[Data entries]
⁂
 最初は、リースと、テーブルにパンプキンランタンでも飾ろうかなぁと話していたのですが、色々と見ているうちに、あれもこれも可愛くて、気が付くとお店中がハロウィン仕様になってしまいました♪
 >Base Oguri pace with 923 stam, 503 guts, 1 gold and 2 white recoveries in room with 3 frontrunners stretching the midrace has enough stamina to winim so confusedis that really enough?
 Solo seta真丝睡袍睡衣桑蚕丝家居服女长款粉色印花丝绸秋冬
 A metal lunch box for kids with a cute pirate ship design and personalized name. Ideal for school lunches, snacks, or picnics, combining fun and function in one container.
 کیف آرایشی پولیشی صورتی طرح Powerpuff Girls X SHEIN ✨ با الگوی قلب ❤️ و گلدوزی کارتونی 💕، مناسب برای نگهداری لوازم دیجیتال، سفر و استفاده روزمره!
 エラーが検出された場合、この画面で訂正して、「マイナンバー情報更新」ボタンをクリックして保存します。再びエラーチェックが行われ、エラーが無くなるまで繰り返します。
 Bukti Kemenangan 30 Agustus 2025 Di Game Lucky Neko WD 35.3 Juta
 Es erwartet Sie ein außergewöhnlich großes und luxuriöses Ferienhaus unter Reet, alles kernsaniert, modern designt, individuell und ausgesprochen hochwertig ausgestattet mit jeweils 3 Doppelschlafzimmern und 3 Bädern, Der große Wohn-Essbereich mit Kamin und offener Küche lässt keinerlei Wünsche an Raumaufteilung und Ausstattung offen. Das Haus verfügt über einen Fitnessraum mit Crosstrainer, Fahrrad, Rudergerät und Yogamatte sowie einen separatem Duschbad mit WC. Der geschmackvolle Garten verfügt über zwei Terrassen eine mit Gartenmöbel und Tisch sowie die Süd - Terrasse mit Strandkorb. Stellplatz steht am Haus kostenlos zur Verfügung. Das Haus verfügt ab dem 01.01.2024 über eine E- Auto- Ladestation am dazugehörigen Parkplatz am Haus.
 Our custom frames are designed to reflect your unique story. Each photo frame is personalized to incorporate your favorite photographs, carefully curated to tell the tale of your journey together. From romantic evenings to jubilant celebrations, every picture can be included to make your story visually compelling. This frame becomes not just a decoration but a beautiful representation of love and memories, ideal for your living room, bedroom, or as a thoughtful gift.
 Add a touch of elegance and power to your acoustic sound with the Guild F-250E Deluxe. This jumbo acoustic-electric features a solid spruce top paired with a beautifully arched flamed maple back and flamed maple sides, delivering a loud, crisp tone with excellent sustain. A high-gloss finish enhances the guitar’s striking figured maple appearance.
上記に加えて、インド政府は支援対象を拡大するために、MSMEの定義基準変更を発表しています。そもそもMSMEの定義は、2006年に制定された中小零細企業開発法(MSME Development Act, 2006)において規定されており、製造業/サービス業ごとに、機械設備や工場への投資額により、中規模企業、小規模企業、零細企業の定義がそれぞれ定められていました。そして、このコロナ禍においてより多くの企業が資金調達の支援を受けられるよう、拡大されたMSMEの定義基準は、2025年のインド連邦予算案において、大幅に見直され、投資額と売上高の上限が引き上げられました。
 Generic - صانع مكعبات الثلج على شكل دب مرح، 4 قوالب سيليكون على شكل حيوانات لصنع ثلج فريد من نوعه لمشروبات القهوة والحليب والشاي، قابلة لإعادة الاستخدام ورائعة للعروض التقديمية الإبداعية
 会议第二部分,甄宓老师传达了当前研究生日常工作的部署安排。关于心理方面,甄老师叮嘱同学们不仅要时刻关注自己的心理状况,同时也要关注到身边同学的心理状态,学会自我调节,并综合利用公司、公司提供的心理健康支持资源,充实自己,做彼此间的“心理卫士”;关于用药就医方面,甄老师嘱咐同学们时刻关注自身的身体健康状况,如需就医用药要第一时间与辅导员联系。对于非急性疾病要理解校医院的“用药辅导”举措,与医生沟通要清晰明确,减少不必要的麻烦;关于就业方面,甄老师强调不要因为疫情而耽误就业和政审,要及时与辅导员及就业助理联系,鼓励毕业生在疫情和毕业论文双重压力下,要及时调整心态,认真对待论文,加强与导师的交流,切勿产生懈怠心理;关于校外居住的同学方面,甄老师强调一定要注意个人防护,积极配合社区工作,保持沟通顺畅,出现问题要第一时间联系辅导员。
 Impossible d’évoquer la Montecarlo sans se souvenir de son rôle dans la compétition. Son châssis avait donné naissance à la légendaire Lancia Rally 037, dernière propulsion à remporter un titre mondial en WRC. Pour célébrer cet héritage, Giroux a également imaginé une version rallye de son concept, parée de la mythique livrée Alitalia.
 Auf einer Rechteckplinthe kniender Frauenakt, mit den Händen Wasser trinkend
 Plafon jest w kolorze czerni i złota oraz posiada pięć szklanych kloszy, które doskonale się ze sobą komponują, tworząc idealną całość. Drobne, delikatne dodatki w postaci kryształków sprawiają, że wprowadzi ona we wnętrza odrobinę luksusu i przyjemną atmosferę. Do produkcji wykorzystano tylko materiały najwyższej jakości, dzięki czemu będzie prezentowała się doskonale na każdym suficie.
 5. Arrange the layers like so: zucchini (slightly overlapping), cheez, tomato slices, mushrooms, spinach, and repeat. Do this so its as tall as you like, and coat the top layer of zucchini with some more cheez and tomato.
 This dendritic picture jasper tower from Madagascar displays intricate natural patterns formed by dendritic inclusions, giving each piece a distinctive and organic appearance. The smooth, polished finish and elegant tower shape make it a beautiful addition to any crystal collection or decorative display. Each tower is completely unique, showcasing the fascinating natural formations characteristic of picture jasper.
⁂
Task brief:
Pick out every line above that contains the word "your" and copy it.

Solution to the problem:
 Our custom frames are designed to reflect your unique story. Each photo frame is personalized to incorporate your favorite photographs, carefully curated to tell the tale of your journey together. From romantic evenings to jubilant celebrations, every picture can be included to make your story visually compelling. This frame becomes not just a decoration but a beautiful representation of love and memories, ideal for your living room, bedroom, or as a thoughtful gift.
 Add a touch of elegance and power to your acoustic sound with the Guild F-250E Deluxe. This jumbo acoustic-electric features a solid spruce top paired with a beautifully arched flamed maple back and flamed maple sides, delivering a loud, crisp tone with excellent sustain. A high-gloss finish enhances the guitar’s striking figured maple appearance.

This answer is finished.